All of the data should be output character for character, except the pictures.

## Data
====

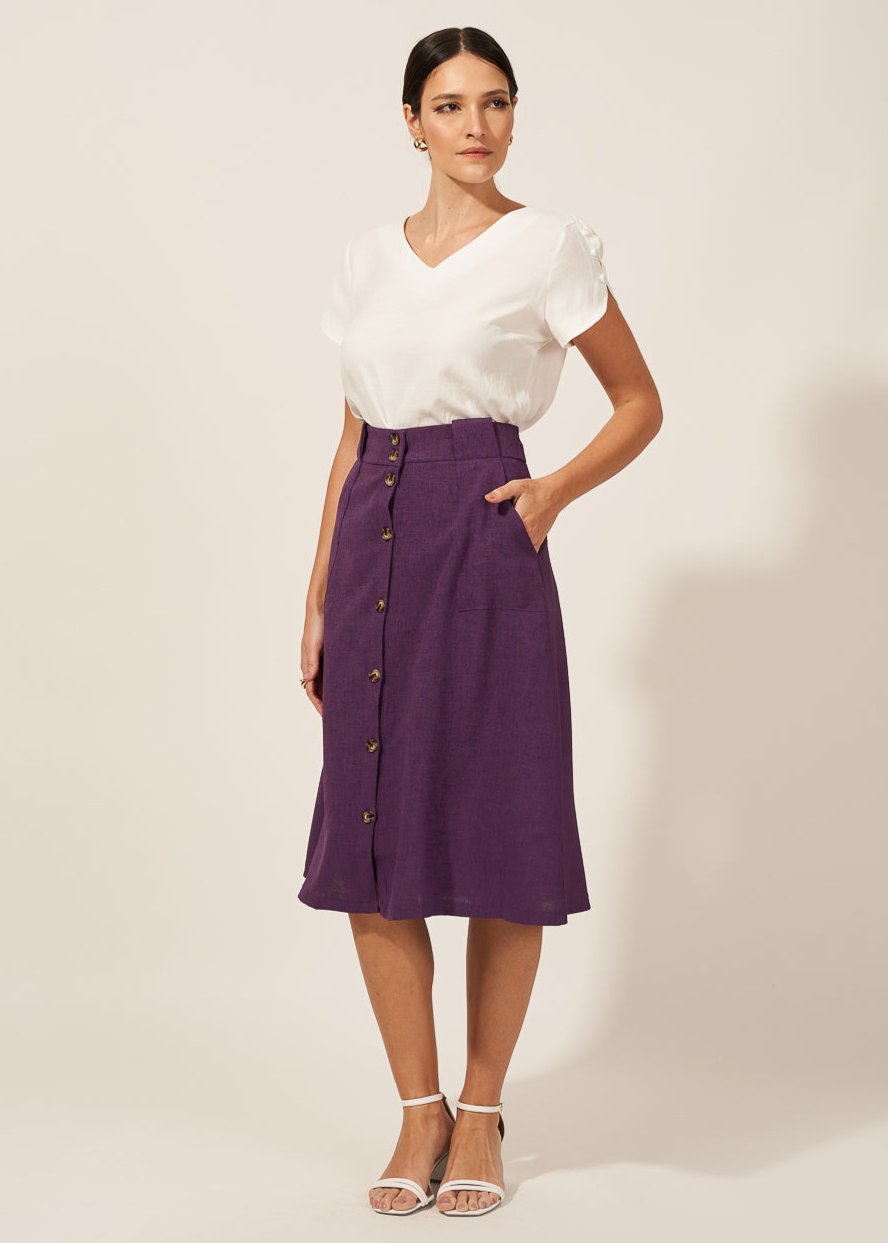 Saia Mídi Com detalhes de Botões Na Frente | Composição: 100% Poliéster
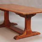 A mid-20th Century Heals oak dining room suite, comprising a rectangular refectory table on chamfered block supports, length approx 213cm, width approx 90cm, two carver chairs and four standard chairs with drop-in rush seats, on turned legs, and a sideboard, fitted with a central cellaret drawer, further cupboards and drawers, on turned and block legs, length approx 185cm, the chairs and sideboard bearing ivorine manufacturer's plaques.
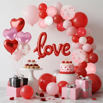 Décorations de mariage, ballons pour la Saint-Valentin, rouge, rose, blanc, kit de guirlande d'arche de ballons DIY, ballons en feuille de cœur rouge
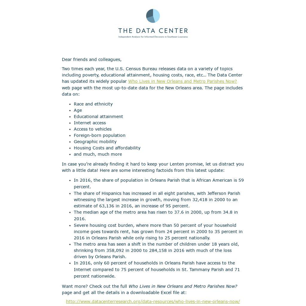 Two times each year, the U.S. Census Bureau releases data on a variety of topics including poverty, educational attainment, housing costs, race, etc… The Data Center has updated its widely popular Who Lives in New Orleans and Metro Parishes Now? web page with the most up-to-date data for the New Orleans area. The page includes data on:

====

## Solution
 Saia Mídi Com detalhes de Botões Na Frente | Composição: 100% Poliéster
 A mid-20th Century Heals oak dining room suite, comprising a rectangular refectory table on chamfered block supports, length approx 213cm, width approx 90cm, two carver chairs and four standard chairs with drop-in rush seats, on turned legs, and a sideboard, fitted with a central cellaret drawer, further cupboards and drawers, on turned and block legs, length approx 185cm, the chairs and sideboard bearing ivorine manufacturer's plaques.
 Décorations de mariage, ballons pour la Saint-Valentin, rouge, rose, blanc, kit de guirlande d'arche de ballons DIY, ballons en feuille de cœur rouge
 Two times each year, the U.S. Census Bureau releases data on a variety of topics including poverty, educational attainment, housing costs, race, etc… The Data Center has updated its widely popular Who Lives in New Orleans and Metro Parishes Now? web page with the most up-to-date data for the New Orleans area. The page includes data on:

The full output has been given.